The video’s description, when translated into English, reads, “A mourning rally was held on the initiative of Cox’s Bazar District Chhatra League to protest the National Day of Mourning and the 21 August grenade attack. On Tuesday (30 August), General Secretary Maruf Adnan conducted the rally under the chairmanship of Cox’s Bazar District Chhatra League President SM Saddam Hussain”. The slogans were likely chanted in remembrance of Sheikh Mujibur Rehman – founder of Bangladesh and Hasina Wazed’s father. However, Soch Fact Check has not confirmed this translation with a native speaker.

However, we conducted a keyword search in Bangla, on “Cox’s Bazar and Chhatra League protest”. The results led us to a news article, published on 30 August 2022, by a Bangladeshi website Ukhiyan News. According to an English translation of the article, it stated that the rally was carried out in Cox’s Bazar – a city in Bangladesh. It was organised by Chhatra League – the student wing of Awami League on the occasion of National Day of Mourning and the 21 August 2004 grenade attack, the publication added. A picture depicting the same people and landmarks (bottom) as that of the viral video (top) can be seen below:

Similar landmarks and people in the screen grab of a viral video and picture from 2022

Furthermore, we noted that the audio of this YouTube video does not match the audio of the video in the claim. Once it was confirmed that the video of the rally was from 2022, we tried to ascertain the truth behind the slogans that can be heard in the viral video.

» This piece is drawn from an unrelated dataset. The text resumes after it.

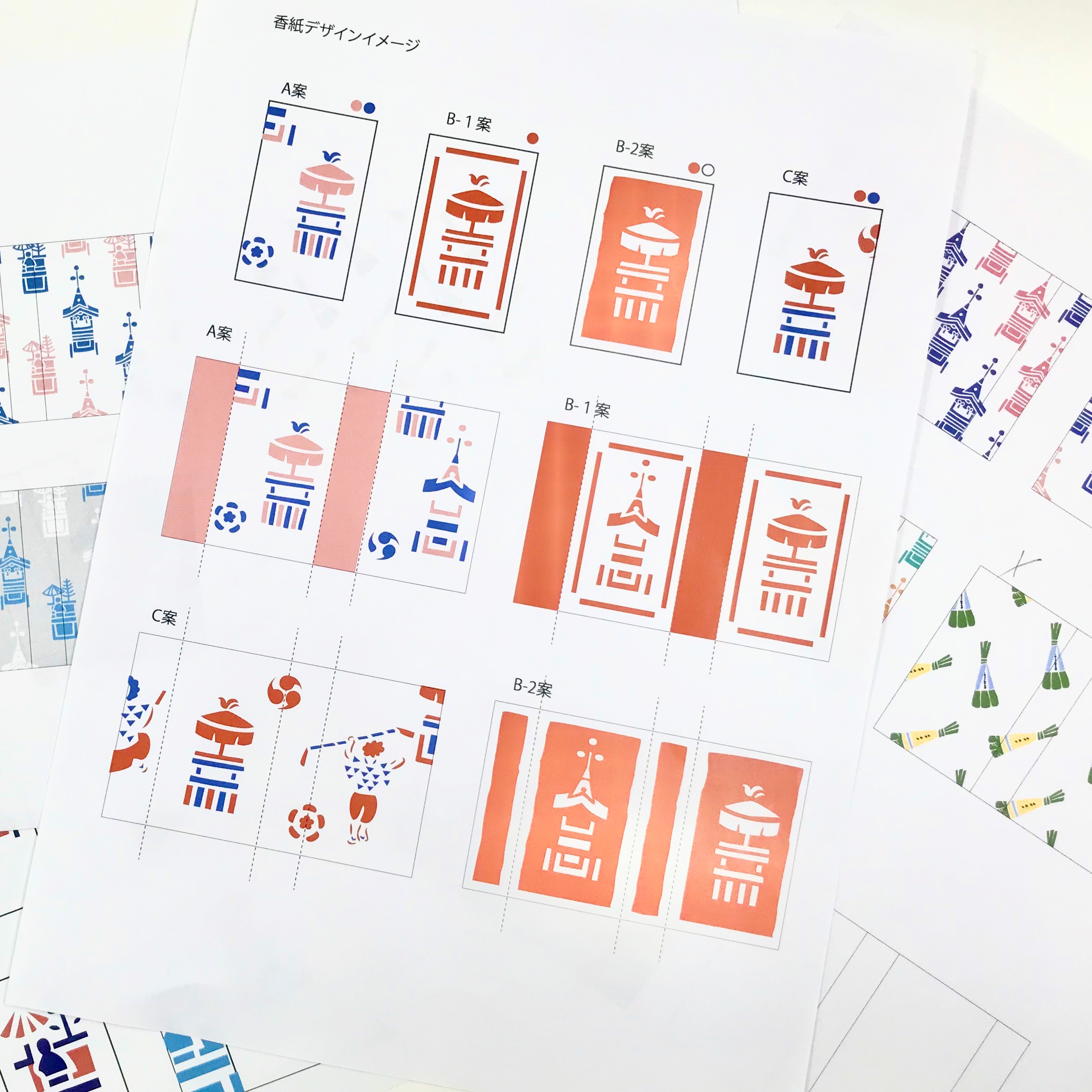 ▼今年の新商品、「香紙」のデザイン。2種類ある本商品も最初は色々なイメージを広げていました。

For this purpose, Soch Fact Check reached out to Bangladeshi fact-checker Minhaj Aman who translated the chants in the viral video from Bangla to English. According to him, the people in the video can be heard chanting, “Pakistan Er Khaleda, Pakistan E Chole Ja”, which translates to “Khaleda of Pakistan, Go back to Pakistan”.

Aman pointed out to us that Khaleda Zia is the former prime minister, and the leader of the current opposition in Bangladesh, and that the sloganeering people are from the Awami League that was recently ousted by the student movement. Therefore, Soch Fact Check confirms that the video in the claim does not show Muslims in Bangladesh raising pro-Pakistan slogans. The caption is misleading/false as they can be heard chanting against Khaleda Zia.

It is also to be noted that Zia and her party Bangladesh National Party (BNP) were labelled as pro-Pakistan by Sheikh Hasina’s Awami League in the past. 

Besides noting that the slogans do not match, we also found discrepancies in the quality of its sound. 

Suspecting that the audio of the clip in the viral claim was fake, we reached out to an audio engineer at Soch Videos — a sister company of Soch Fact Check — who confirmed that it is digitally altered.  According to his explanation, when people are chanting in a huge crowd during rallies and protests, their voices echo and the delay levels are high. However, in the viral video, the voices do not echo, giving the impression that the sound was recorded on a mic by several people and then imposed on the video, he added. 

He also mentioned that there was enough distance between the crowd and the camera to cause the voices of the crowd to overlap, making it hard for us to hear them. But in the viral video, the camera seems to be close to the mic as we can hear the chants with unusual clarity, suggesting that a different audio clip was superimposed onto the video, he said. 

Soch Fact Check, therefore, further confirms that the audio was altered and that the video in the claim does not originally show crowds chanting, “Khaleda of Pakistan, Go back to Pakistan”.

Virality

On X, the video garnered 684.8k views, 6,800 likes and 3,400 reposts. The archived versions can be seen here and here

On Facebook, it was shared here, here and here

Conclusion: A post claiming to share a video of Bangladeshi students chanting pro-Pakistan slogans during the recent protests, is false, and its audio is digitally altered too. The actual video is, in fact, from 2022 and shows a rally by the student wing of Awami League.